### REQUIRED ACTION
Within the entries below, please retype exactly the lines starting with the line that has "一見簡単そうに見えると思いま" and going on through the line that has "m_v + m_s) + 1 = m$", but not the pictures.

[Dataset records]
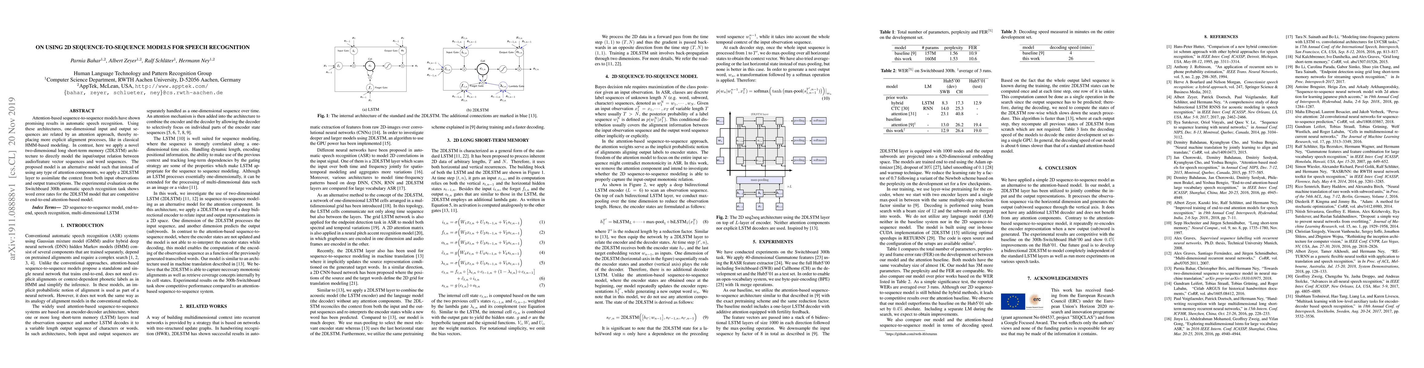 This paper proposes a 2DLSTM architecture for speech recognition that directly models the relationship between audio and transcription sequences without attention mechanisms, achieving competitive word error rates compared to attention-based models in the Switchboard 300h task.
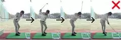 一見簡単そうに見えると思いますが、実は意外と難しいのがこのドリル。油断するとすぐにヘッドがインサイドに入ってきて手元と重なってしまったり、さらには手元よりヘッドが内側に入ってしまうこともあるでしょう。
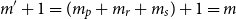 $m' + 1 = (m_p + m_v + m_s) + 1 = m$
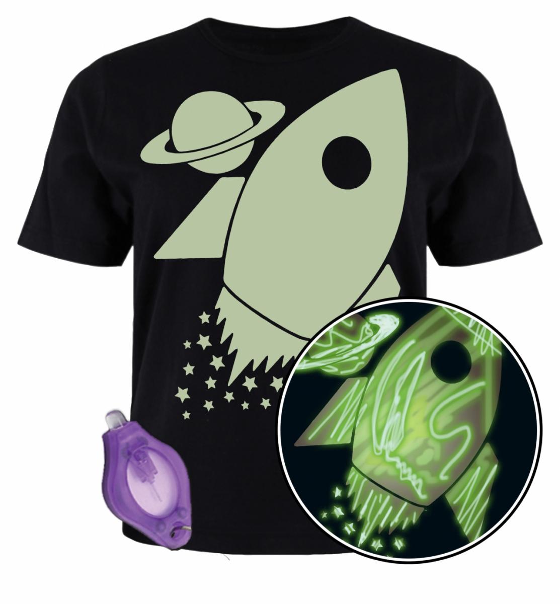 SPLAT PLANET laste t-särk, mis helendab pimedas - Kosmos.Toote omadused:T-särgi valge pilt helendab pimedas peale valges olemist.Komplekti kuulub helendav pliiats-taskulamp.Vajutades pliiats-taskulambile, lülitub sisse valgus, millega saab joonistada t-särgile pildi. Pilt on nähtav pimedas. Kui pilt kaob, saab selle uuesti joonistada. Lisaks saab joonistamiseks kasutada laservalgust, telefoni või teisi valgusseadmeid.Pesta 30° juures.Koostis: 100% puuvill.Sobib lastele vanuses 12 kuni 13 eluaastat.
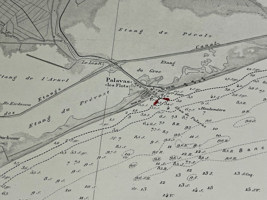 Antique nautical chart from Palavas-les-Flots to Saintes-Maries-de-la-Mer
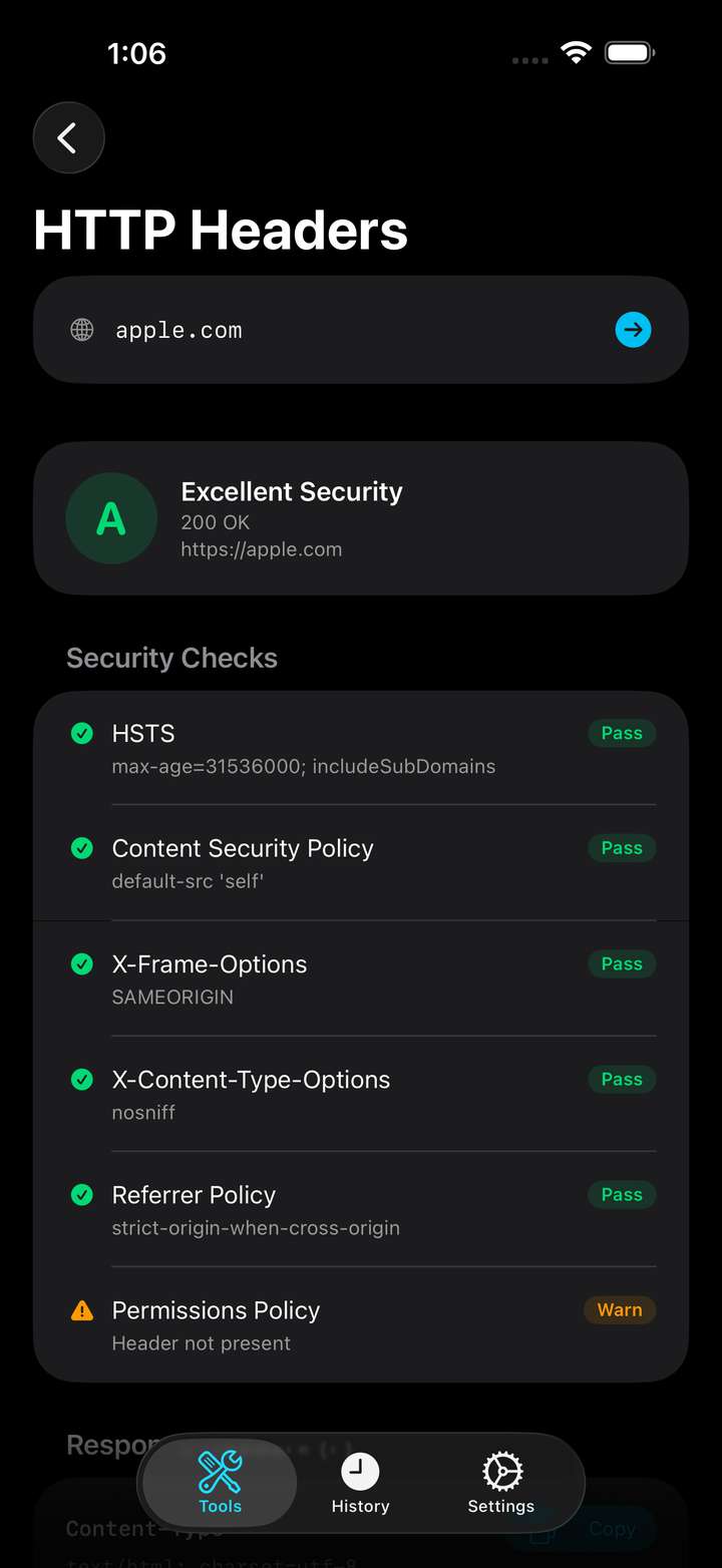 - HTTP Headers — Analyze response headers and security grades for any website
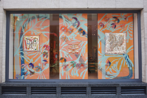 Hermes on Bond Street in Mayfair, London presents A Line in Motion in collaboration with artist Studio Lenca continuing with their vision of supporting creatives to bring to life seasonal collections and showcasing art within the window spaces...this colourful concept features dynamic movement with a kinetic sculpture and playful images from the artists hand drawn style!

### EXERCISE RESULT
 一見簡単そうに見えると思いますが、実は意外と難しいのがこのドリル。油断するとすぐにヘッドがインサイドに入ってきて手元と重なってしまったり、さらには手元よりヘッドが内側に入ってしまうこともあるでしょう。
 $m' + 1 = (m_p + m_v + m_s) + 1 = m$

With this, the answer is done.